Within a single time synchronization domain, different clock accuracy is expected, for example the crystal oscillator in Ethernet is specified at 100 ppm[Fast-Ethernet-MII-clock], SyncE can achieve 50 ppb[G.8262], and more precise time synchronization[G.8273] is expected in 5G mobile backhaul. The clocks experience different jitter and wander. It may cause different level of asymmetry of the path. The large scale networks should be able to recover or absorb such time variance within a domain and across multiple domains.

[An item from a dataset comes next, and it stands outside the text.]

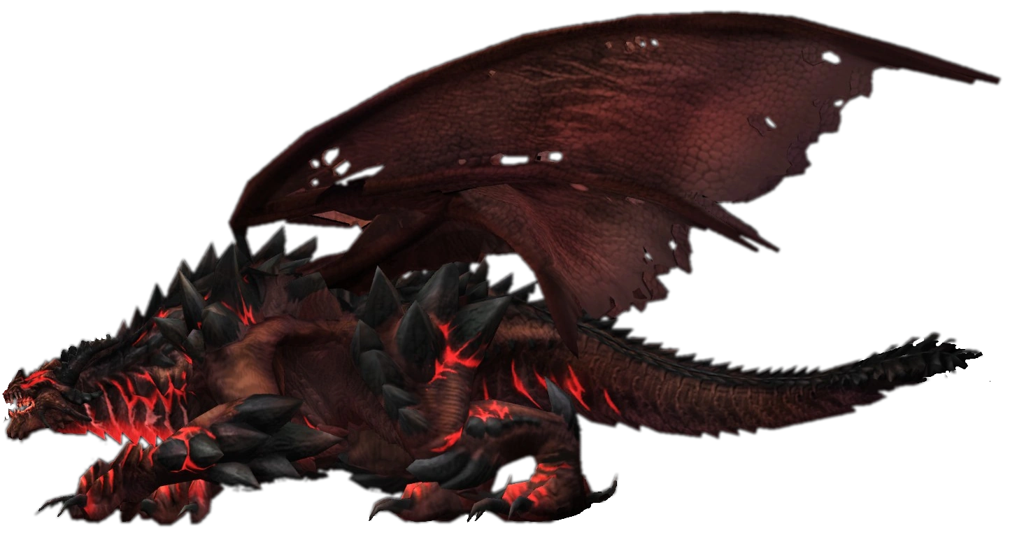 (Бегемот, младший брат Бахамута. В принципе облик его брата тоже не сильно отличается, разве что цвет черный и нет лавовых прожилок… к слову, размеры этого "красавца" как и у драконьей формы Лусиана, так что для мира тайманин Лусиан отнюдь не карликовый дракон).
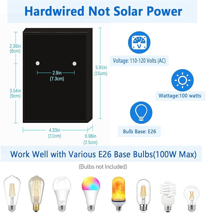 - 【Friendly Reminder】This outdoor wall lantern is powered by a 110-120V wired power source, not solar energy.Solar lights are easily affected by weather conditions, leading to unstable performance and potential battery damage.By using a wired power source, we ensure that the light operates with stability and durability

3.1.3. Provide mechanisms not requiring full time synchronization

Some networks like mobile backhaul use frequency synchronization such as SyncE instead of the strict time synchronization. It is usually hard to achieve the full time synchronization in large scale networks when considering the diameter of the network topology. It is desired that the same deterministic performance in term of the bounded latency and jitter can be achieved when full time synchronization is not in used, that is to say, when only partial synchronization (SyncE is one of the examples) is in use.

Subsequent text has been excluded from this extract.